Your assignment: Apart from the images, reproduce all of the data word for word.

Material provided:
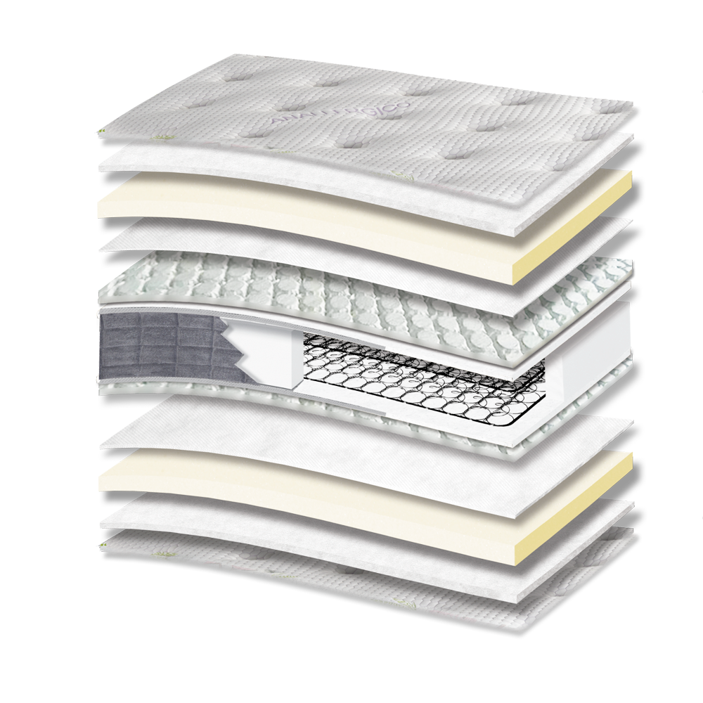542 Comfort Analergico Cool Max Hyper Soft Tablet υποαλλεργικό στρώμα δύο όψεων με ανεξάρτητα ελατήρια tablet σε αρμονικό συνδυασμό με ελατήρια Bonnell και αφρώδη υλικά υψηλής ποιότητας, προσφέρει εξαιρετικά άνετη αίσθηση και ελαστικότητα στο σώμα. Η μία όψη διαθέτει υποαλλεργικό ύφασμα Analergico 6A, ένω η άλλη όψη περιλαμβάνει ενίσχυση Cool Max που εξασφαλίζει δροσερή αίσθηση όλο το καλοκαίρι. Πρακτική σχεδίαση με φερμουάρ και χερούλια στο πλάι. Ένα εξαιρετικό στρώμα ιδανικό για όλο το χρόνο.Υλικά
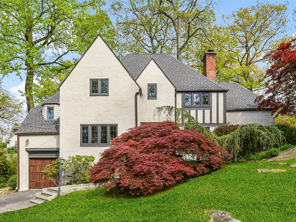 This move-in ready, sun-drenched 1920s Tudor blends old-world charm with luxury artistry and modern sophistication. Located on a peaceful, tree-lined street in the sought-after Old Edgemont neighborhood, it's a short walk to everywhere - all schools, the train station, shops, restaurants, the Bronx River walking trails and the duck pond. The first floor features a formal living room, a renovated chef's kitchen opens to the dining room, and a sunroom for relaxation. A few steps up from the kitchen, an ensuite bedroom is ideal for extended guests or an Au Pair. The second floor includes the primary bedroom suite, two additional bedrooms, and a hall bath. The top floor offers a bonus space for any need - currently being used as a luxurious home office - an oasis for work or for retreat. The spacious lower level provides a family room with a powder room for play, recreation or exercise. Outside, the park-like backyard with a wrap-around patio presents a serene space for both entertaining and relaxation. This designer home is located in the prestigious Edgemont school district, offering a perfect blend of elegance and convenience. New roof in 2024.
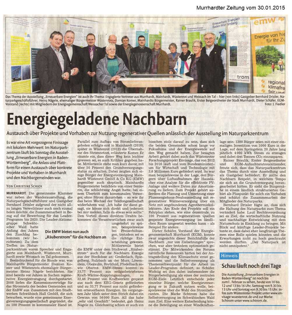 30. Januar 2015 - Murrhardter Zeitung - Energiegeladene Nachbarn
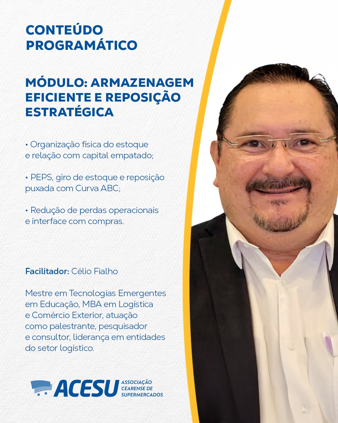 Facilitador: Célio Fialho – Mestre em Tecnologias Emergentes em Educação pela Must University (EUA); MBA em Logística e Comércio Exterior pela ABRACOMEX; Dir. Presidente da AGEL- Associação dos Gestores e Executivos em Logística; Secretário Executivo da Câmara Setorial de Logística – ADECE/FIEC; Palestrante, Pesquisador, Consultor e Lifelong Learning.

Response:
542 Comfort Analergico Cool Max Hyper Soft Tablet υποαλλεργικό στρώμα δύο όψεων με ανεξάρτητα ελατήρια tablet σε αρμονικό συνδυασμό με ελατήρια Bonnell και αφρώδη υλικά υψηλής ποιότητας, προσφέρει εξαιρετικά άνετη αίσθηση και ελαστικότητα στο σώμα. Η μία όψη διαθέτει υποαλλεργικό ύφασμα Analergico 6A, ένω η άλλη όψη περιλαμβάνει ενίσχυση Cool Max που εξασφαλίζει δροσερή αίσθηση όλο το καλοκαίρι. Πρακτική σχεδίαση με φερμουάρ και χερούλια στο πλάι. Ένα εξαιρετικό στρώμα ιδανικό για όλο το χρόνο.Υλικά
 This move-in ready, sun-drenched 1920s Tudor blends old-world charm with luxury artistry and modern sophistication. Located on a peaceful, tree-lined street in the sought-after Old Edgemont neighborhood, it's a short walk to everywhere - all schools, the train station, shops, restaurants, the Bronx River walking trails and the duck pond. The first floor features a formal living room, a renovated chef's kitchen opens to the dining room, and a sunroom for relaxation. A few steps up from the kitchen, an ensuite bedroom is ideal for extended guests or an Au Pair. The second floor includes the primary bedroom suite, two additional bedrooms, and a hall bath. The top floor offers a bonus space for any need - currently being used as a luxurious home office - an oasis for work or for retreat. The spacious lower level provides a family room with a powder room for play, recreation or exercise. Outside, the park-like backyard with a wrap-around patio presents a serene space for both entertaining and relaxation. This designer home is located in the prestigious Edgemont school district, offering a perfect blend of elegance and convenience. New roof in 2024.
 30. Januar 2015 - Murrhardter Zeitung - Energiegeladene Nachbarn
 Facilitador: Célio Fialho – Mestre em Tecnologias Emergentes em Educação pela Must University (EUA); MBA em Logística e Comércio Exterior pela ABRACOMEX; Dir. Presidente da AGEL- Associação dos Gestores e Executivos em Logística; Secretário Executivo da Câmara Setorial de Logística – ADECE/FIEC; Palestrante, Pesquisador, Consultor e Lifelong Learning.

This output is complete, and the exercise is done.